Verder wordt in een door [medeverdachte 2] aangemaakte groepschat door de verdachte gemeld dat iedereen gereed staat en dat de telefoons zijn opgeladen.
Op 2 december 2020 wordt de verdachte ongeduldig, waarop [medeverdachte 2] de verdachte laat weten dat hij weet dat het heel lang kan duren, dat hij geduldig moet zijn, dat “de bak geen scan heeft” en dat de “documenten zijn ingeschoten alleen nog niet op de grond staat”.
Even later, om 12:29 uur, krijgt de verdachte de opdracht van [medeverdachte 2] en [medeverdachte 3] om te gaan rijden en voor te melden. [medeverdachte 3] deelt daarop de releasecode behorend bij de container.
[medeverdachte 2] deelt een afbeelding in de groepschat (met als deelnemers [medeverdachte 2] , [medeverdachte 3] , [medeverdachte 1] en de verdachte) en meldt dat de koelmonteur binnen is.
De verdachte meldt op 2 december 2020 om 13:22 uur dat de bak groen is en dat het druk is. Na de inbeslagname van de drugs, om 15:50 uur, meldt de verdachte dat de chauffeur de bak niet meekrijgt en even later dat de originele vervoerder zich bij hem heeft gemeld omdat “zij een bak van hen hadden”. [medeverdachte 1] meldt nog dat de originele transporteur daar is.
Op 3 december 2020 wijst [medeverdachte 2] de verdachte op een artikel op de website Crimesite. Hierin staat dat de Douane in een container die was geladen met medische hulpmiddelen en afkomstig uit de Dominicaanse Republiek 395 blokken cocaïne heeft aangetroffen.
De rechtbank is van oordeel dat uit voornoemde chatberichten, daterend van voor de inbeslagname van de verdovende middelen, en de nader uitgewerkte bewijsmiddelen volgt dat sprake is geweest van een voldoende nauwe en bewuste samenwerking door de verdachte met meerdere betrokkenen, waarbij de verdachte de zorg droeg voor het transport.
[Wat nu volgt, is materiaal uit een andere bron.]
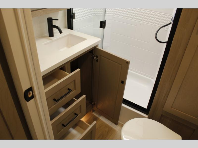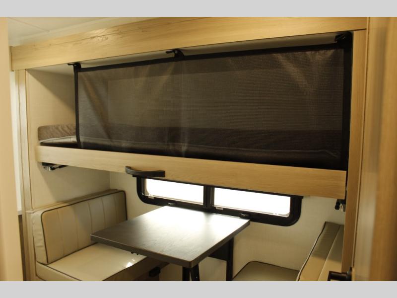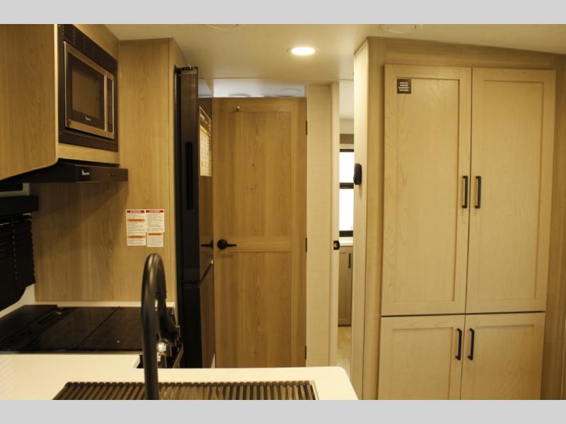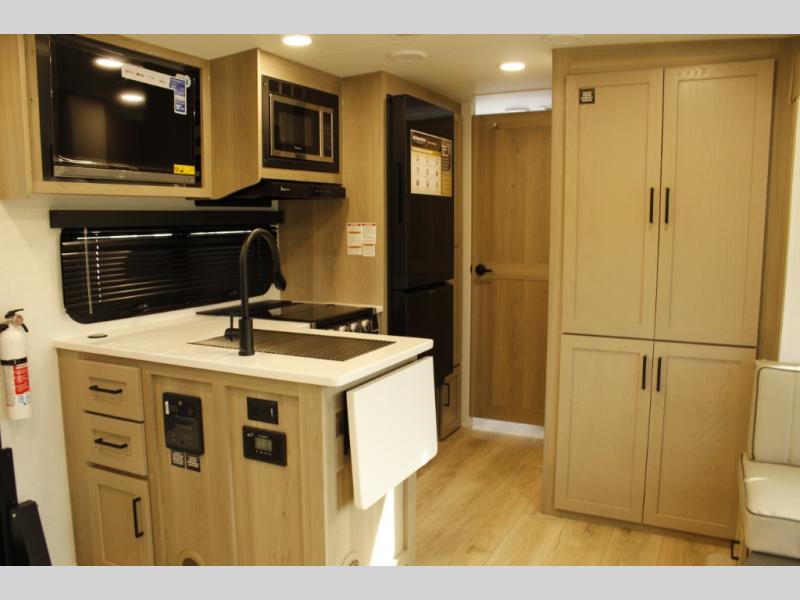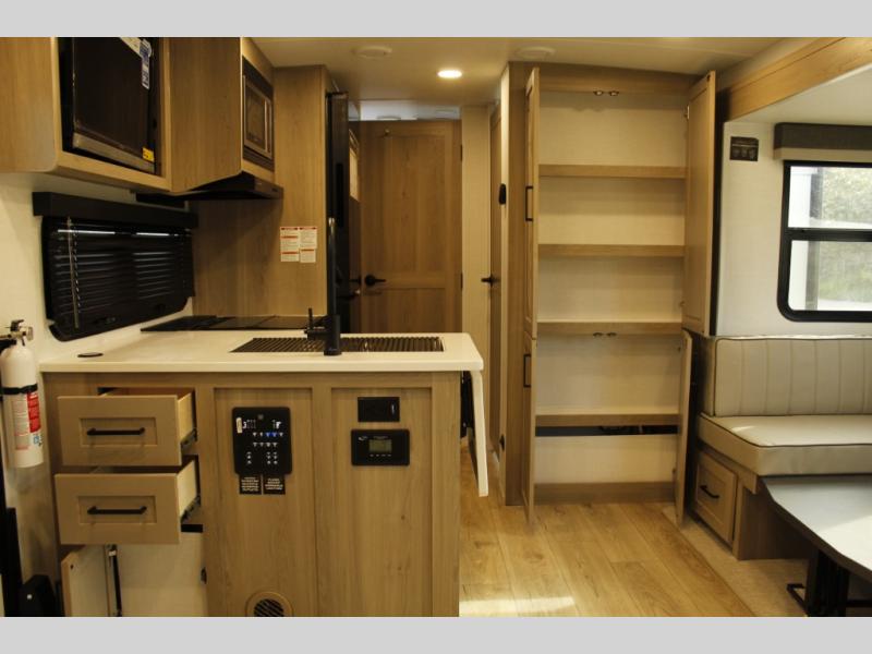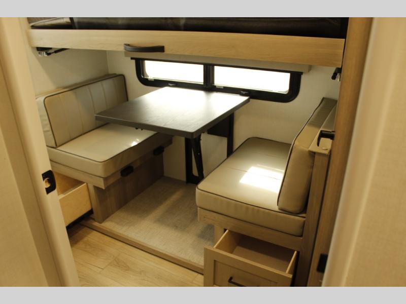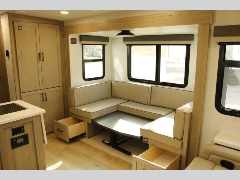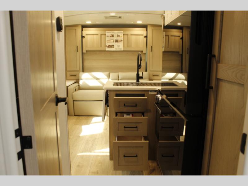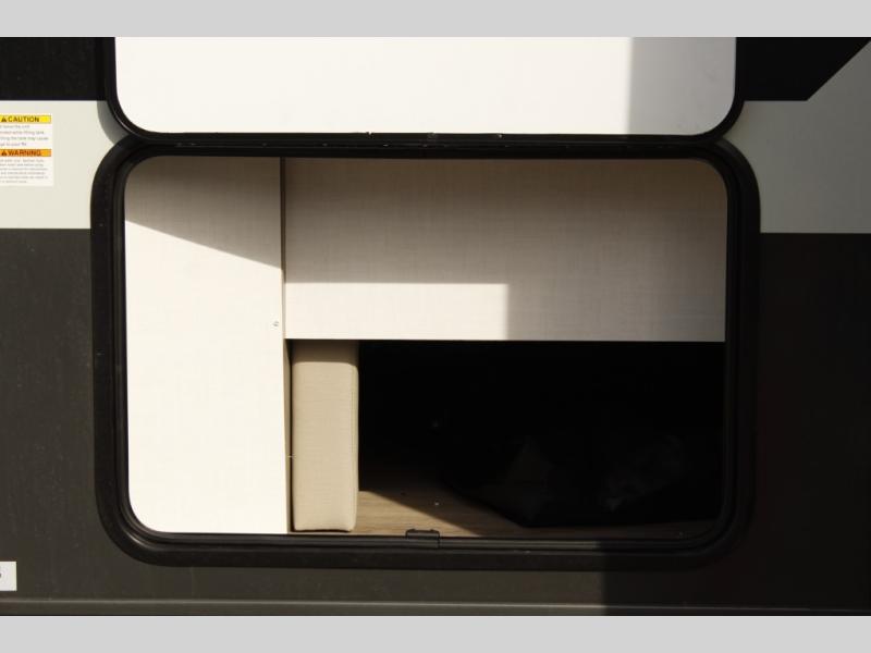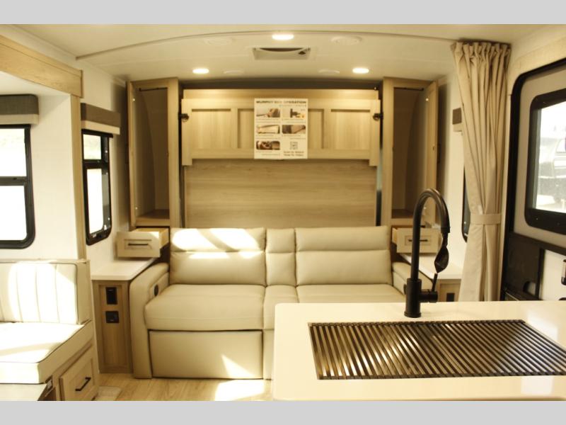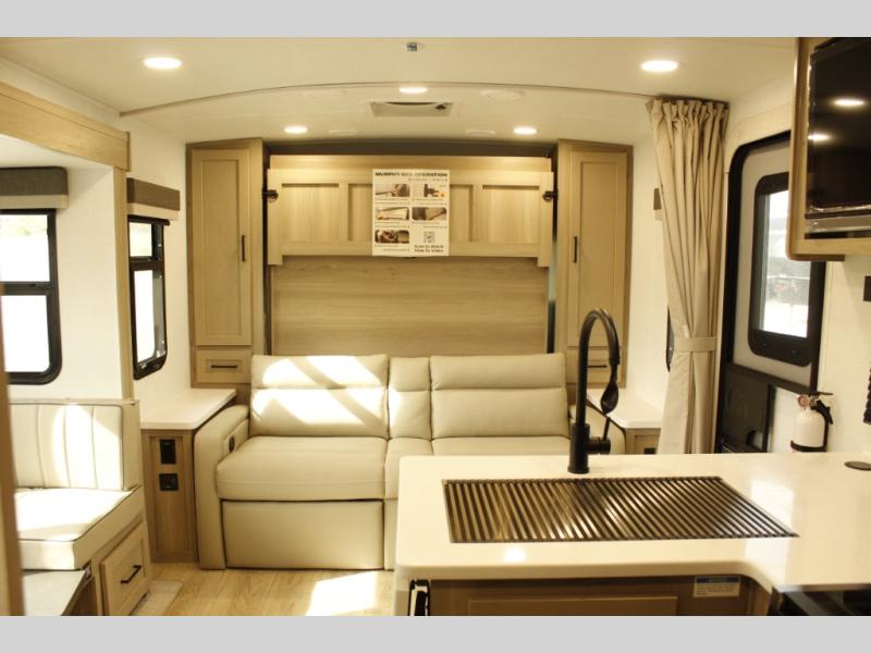 This trailer is one the whole crew will love! Start unloading the pass-thru storage when you arrive at your campsite, then put out the 18' power awning. There is a full bath inside when you need to freshen up, and the fully equipped interior kitchen can be used if the weather isn't cooperating with your plans. A U-shaped dinette slide provides a place to dine together and play board games, and two guests can sleep here at night. Speaking of nighttime, there is also a private bunkhouse in the back with a Dream Dinette and flip-up bunk plus a slide out for more space and an optional TV. You'll find your own space up front on the RV queen Murphy bed, complete with dual wardrobes and a privacy curtain when you need to get dressed. And in the morning, you can fold away the bed to relax on the 74" sofa!

Het door de verdediging gevoerde verweer dat de verdachte geen opzet, ook niet in voorwaardelijke zin, had op het invoeren van cocaïne kan in het licht van de bewijsmiddelen geen stand houden.
Gezien de inhoud van voornoemde chats, waaraan de verdachte actief heeft deelgenomen, was hij ervan op de hoogte dat er werk aan kwam waarvoor hij met twee trucks en een extra chauffeur ruim van tevoren stand by moest staan en waarvoor hij € 10.000,- nodig had (en kennelijk heeft gekregen, omdat hij de trucks kort erna gereed had staan). Verder heeft de verdachte bevestigd dat hij een loods had geregeld, is hij met lege bakken gaan rijden, wist hij dat hij niet de legale vervoerder was en sprak hij over een flinke kerstbonus. De verdachte heeft zelf geen uitleg gegeven over hoe de gesprekken anders zouden moeten worden geïnterpreteerd dan dat deze over cocaïne gingen.
De rechtbank is dan ook van oordeel dat de verdachte ten minste de aanmerkelijke kans heeft aanvaard dat deze container cocaïne zou bevatten en daarmee is de aanwezigheid van opzet, in voorwaardelijke zin, wettig en overtuigend bewezen.
Vorenstaande leidt ertoe dat wettig en overtuigend bewezen kan worden dat de verdachte zich schuldig heeft gemaakt aan het medeplegen van de invoer van deze partij cocaïne.